Because of its search capabilities, a vector database is sometimes also called a vector search engine.

This section introduces the core concepts of vector databases. We will discuss what vector embeddings are, how they enable similarity search, and how they accelerate it.

Vector Embeddings

When you think of data, you probably think of neatly organized numbers in spreadsheets. This type of data is called structured data because it can easily be stored in tabular format. But roughly 80% of today’s data is said to be unstructured. Examples of unstructured data are images, text (e.g., documents, social media posts, or emails), or time series data (e.g., audio files, sensor data, or video). The problem with this type of data is that it is difficult to store it in an organized way so you can easily find what you are looking for.

But innovations in Artificial Intelligence (AI) and Machine Learning have enabled us to numerically represent unstructured data without losing its semantic meaning in so-called vector embeddings. A vector embedding is just a long list of numbers, each describing a feature of the data object.

An example is how we numerically represent colors in the RGB system, where each number in the vector describes how red, green, or blue a color is. E.g., the following green color can be represented as [6, 205, 0] in the RGB system.

weaviate-green

But fitting more complex data, such as words, sentences, or text, into a meaningful series of numbers isn’t trivial. This is where Machine Learning models come in: Machine Learning models enable us to represent the contextual meaning of, e.g., a word as a vector because they have learned to represent the relationship between different words in a vector space. These types of Machine Learning models that can generate embeddings from unstructured data are also called embedding model or vectorizer.
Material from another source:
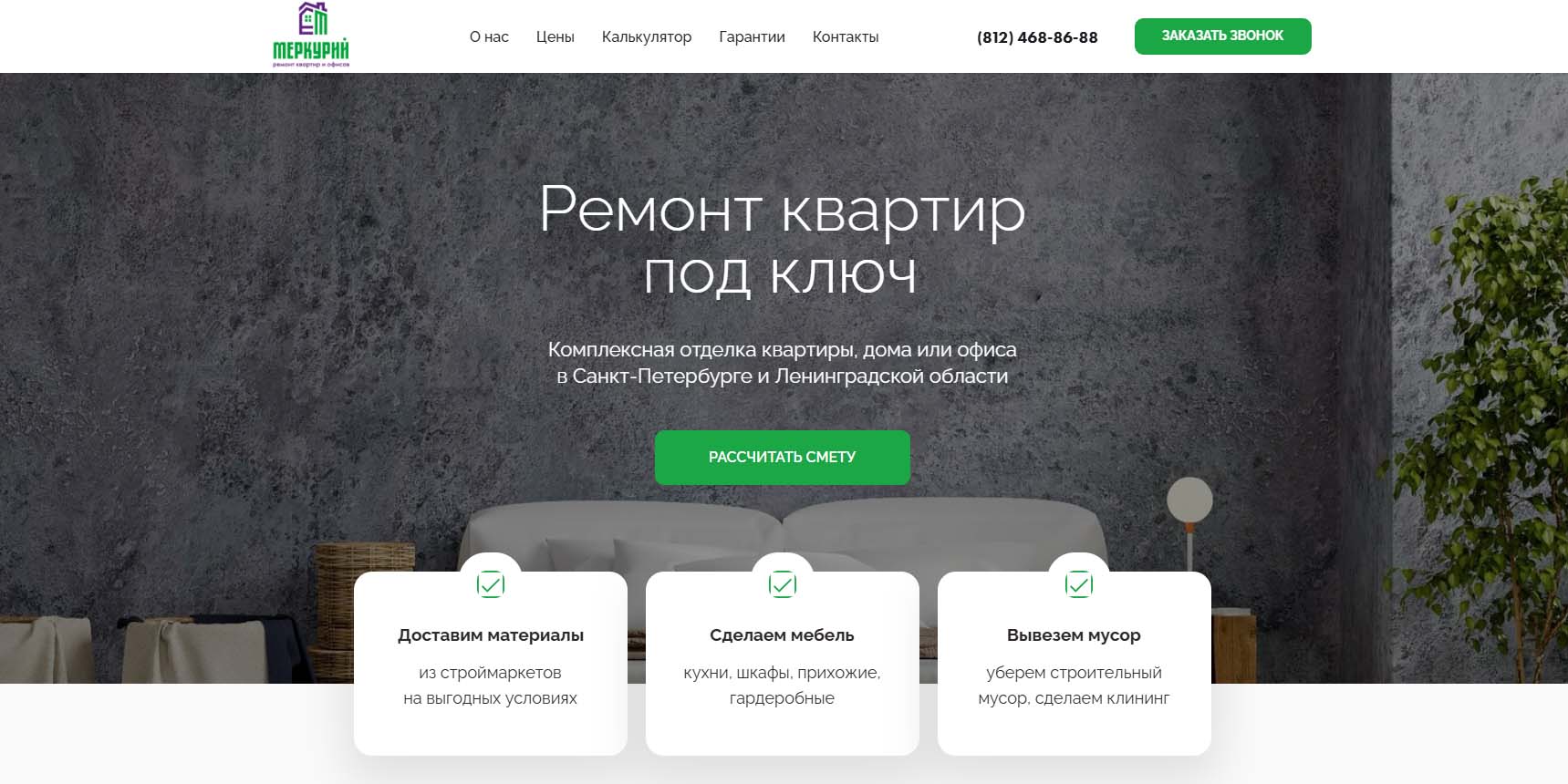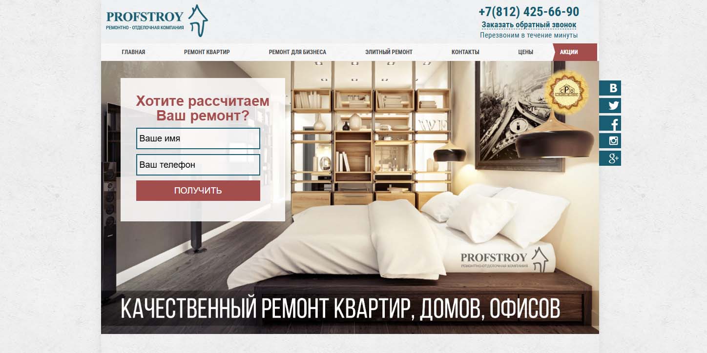Работает в Санкт-Петербурге с 2000 года. Фирма предоставляет полный спектр профессиональных услуг по квалифицированному ремонту любых помещений — домов, квартир, коммерческих и складских помещений, загородных домов, гостиниц и бизнес-центров. По необходимости ремонт может быть выполнен частично или с нуля под ключ. Есть большой штат профессиональных специалистов разного профиля и квалификации. Проводят работы аккуратно и в срок, учитывают требования заказчика. Гарантируют, что сдают объект чистым и не оставляют после себя мусора.
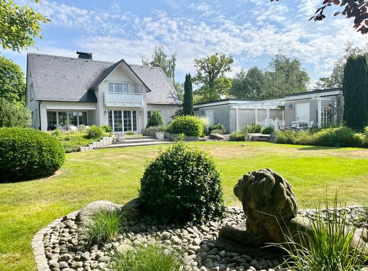 Der Garten ist ein Highlight mit mehreren Sitzbereichen, Terrassen am Wasser und einem Grill-Rondell. Eine automatische Bewässerungsanlage hält alles grün. Platz für Pool oder Gästehaus vorhanden. Zwei Garagen, Carport und weitere Stellplätze ermöglichen reichlich Parkmöglichkeiten.

Below, you can see an example of the three-dimensional vector space of the RGB system with a few sample data points (colors).

rgb-color-vector-space

Depending on the used embedding model, the data can be represented in different vector spaces, which can differ in the number of dimensions, ranging from tens to thousands, where the precision of the representation increases with increasing dimensions. In the color example, there are also different ways to represent a color numerically. E.g., you can represent the previous green color in the RGB system as [6, 205, 0] or in the CMYK system as [97, 0, 100, 20].

This is why it is important to use the same embedding model for all your data to ensure it is in the respective vector space.

Vector embeddings numerically capture the semantic meaning of the objects in relation to other objects. Thus, similar objects are grouped together in the vector space, which means the closer two objects, the more similar they are.

For now, let’s consider a simpler example with numerical representations of words - also called word vectors. In the following image, you can see the words “Wolf” and “Dog” close to each other because dogs are direct descendants of wolves. Close to the dog, you can see the word “Cat,” which is similar to the word “Dog” because both are animals that are also common pets. But further away, on the right-hand side, you can see words that represent fruit, such as “Apple” or “Banana”, which are close to each other but further away from the animal terms.

Vector embeddings in vector space

Vector embeddings allow us to find and retrieve similar objects from the vector database by searching for objects that are close to each other in the vector space, which is called vector search, similarity search, or semantic search.

Similarly to how we can find similar vectors for the word "Dog", we can find similar vectors to a search query. For example, to find words similar to the word “Kitten”, we can generate a vector embedding for this query term - also called a query vector - and retrieve all its nearest neighbors, such as the word “Cat”, as illustrated below.

Vector search

As the concept of semantic search is based on the contextual meaning, it allows for a more human-like search experience by retrieving relevant search results that match the user's intent. This advantage makes vector search important for applications, that are e.g., sensitive to typos or synonyms.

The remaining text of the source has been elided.